Przepisy na udany rzepak [KOMENTARZE PRODUCENTÓW]
Wojciech Muczyński, prezes Stada Ogierów w Łęcku (woj. mazowieckie)
Produkcja roślinna na 800 ha - 1/4 rzepak
Odmiany
Tutaj kierujemy się troszkę notowaniami COBORU, jednak tak długo się tym rolnictwem zajmujemy, że wiemy, iż każdy krok jest inny, a każda roślina ma takie cechy odmianowe, że jeśli nawet jest rekordzistką w jednym roku, to niekoniecznie powtarza to w drugim roku. Z reguły stosujemy więc trzy/cztery odmiany czy to rzepaku, czy to pszenicy, czy innych roślin ze względu na położenie i ryzyko tych mroźnych zim oraz wiosen. Staramy się przede wszystkim wybierać odmiany o wysokim współczynniku zimotrwałości. Tak samo staramy się dywersyfikować te odmiany - mieszańcowe i populacyjne, dlatego że te odmiany populacyjne są odporniejsze na te skrajne pogody.
Warto uprawiać odmiany populacyjne, one dają pewną gwarancję, że nawet - jeśli się coś nie uda - to nie będzie katastrofy, mieszańce nie wybaczają bowiem błędów, a przy odmianie populacyjnej, nawet w takim roku, jak ten, gdzie tych okienek pogodowych na wykonanie zabiegu jest naprawdę bardzo mało (...), jest ciężko się zmieścić w dobrych stadiach rozwojowych roślin.

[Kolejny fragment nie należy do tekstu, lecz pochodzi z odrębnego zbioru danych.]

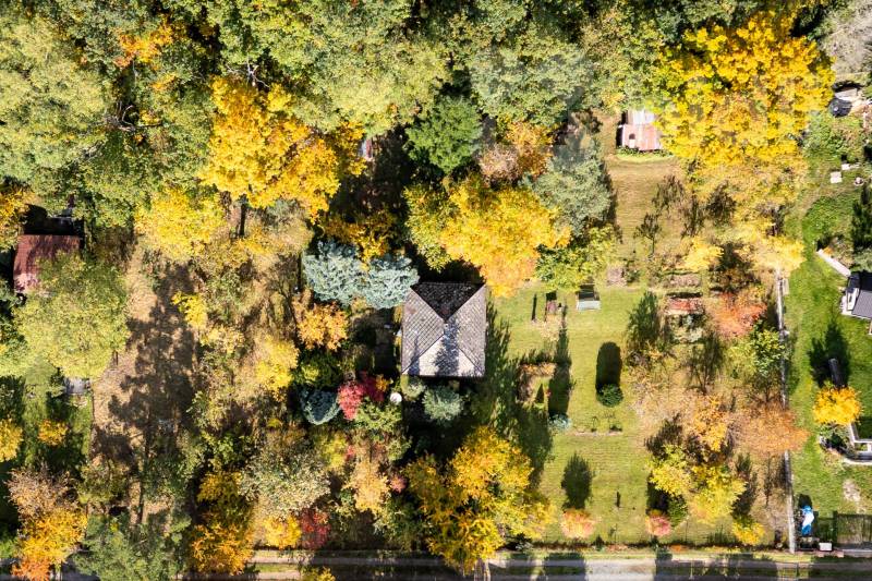 Vzrostlé ovocné stromy a další bujná zeleň.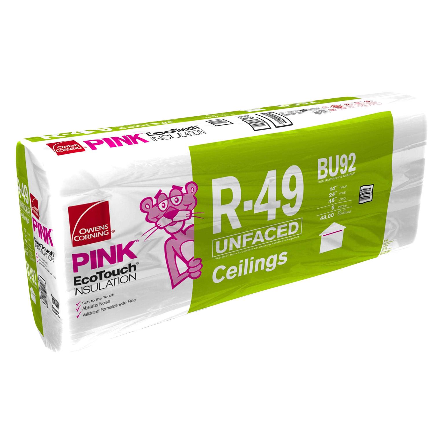 The Owens Corning R-49 Kraft Faced Batt is a flexible fiberglass insulation proposed to control moisture in concealed applications in between the studs and joists. With a paper facing on one side of the insulation, the R-49 Kraft Faced Batt Insulation is smooth and flexible and can be easily cut for installation. However, it is available in pre-cut lengths for easy and quick installation. This Insulation from Owens Corning serves as a vapor barrier and bounds the home to stay cooler in summer and warmer in winter. This energy-efficient product saves you from extra monthly expenses on heating and cooling for extended life of the home. The Owens Corning R-49 Kraft Faced Batts are used for roof/ceiling and interior/exterior wall applications and can be installed in wood or metal framing cavities or between furring channels. Size Sq Ft/Pack Batts Per Bag IRN Application 14 in. x 16 in. x 48 in. 32 6 BF92 Wood 14 in. x 24 in. x 48 in. Can be stapled or friction-fit. Easy to handle and install. Trim and fabricate with a utility knife. Meets thermal specifications. Improves interior noise control. Inorganic. Non-corrosive to steel, aluminum or copper. Dimensionally stable and will not decay or slump in the cavity.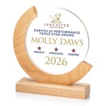 Celebrate achievement with the Beech Eclipse Award, where modern design meets natural warmth. This standout piece showcases a circular Starfire crystal center framed by a partial beechwood ring. The crystal is securely set on a coordinating beechwood base, creating a cohesive presentation that feels elevated and timeless. Please note that natural wood material will vary in grain. 7.75″ W x 8.5″ H x 2″ D

Odmiana Bono z HR Smolice na ten moment (18 maja - przyp.red.), wygląda bardzo dobrze, chociaż, co doskonale wiemy po zeszłym roku, rzepak jest ciężko oceniać - nawet jak wygląda ładnie, to może być różnie, ale na tę chwilę rośliny są bardzo mocne, łodygi są konkretne, widać dużo rozgałęzień, obsada jest dobra, więc - tak naprawdę - potencjał (żeby nie zapeszyć) potencjał wydaje się bardzo duży - po prostu wygląda to bardzo dobrze.
System uprawy
Odmiana Bono została wysiana w końcówce sierpnia i spieszyliśmy się z tym dość mocno, ponieważ była prognoza obfitych deszczy, a gleba jest tu dość gliniasta, więc chcieliśmy tę górę (rozmówca wskazuje na pole - przyp.red.), bo potem jest problem z utrzymaniem ciągnika. Siane było standardowo - tzn. siewnikiem talerzowym, obsada 65 roślin na m2. Generalnie systemu bezorkowego nie stosujemy. Wynika to m.in. z tego, że nie mamy dość dużych ciągników do tych maszyn. Uprawa bezorkowa wymaga głębokiego spulchniania. Tam są potrzebne ciągniki rzędu 250 kM, a my takiego ciągnika nie mamy. Zakup takiego ciągnika tj. milion zł. Jeśli byśmy go nabyli to i tak, tak inwestycja, tak przynajmniej mi się wydaje, nie zwróci się za szybko. Nie twierdzę jednak, że uprawa bezorkowa jest zła, ale ekonomicznie mi się to nie kalkuluje.
Ocena sezonu
Sezon nie jest łatwy, głównie przez wcześniej wspomniane okienka pogodowe, przez zimną wiosnę, bo było mało czasu na wykonywanie zabiegów. Poza tym rośliny też nie rosły. Mamy pewne opóźnienie. Generalnie jednak - mimo wszystko - to wszystko oceniam bardzo dobrze. Może dlatego, że (...) my mamy słabe ziemie, przepuszczalne i ta ilość wód, która w tej chwili jest, dla naszych pól jest bardzo dobra.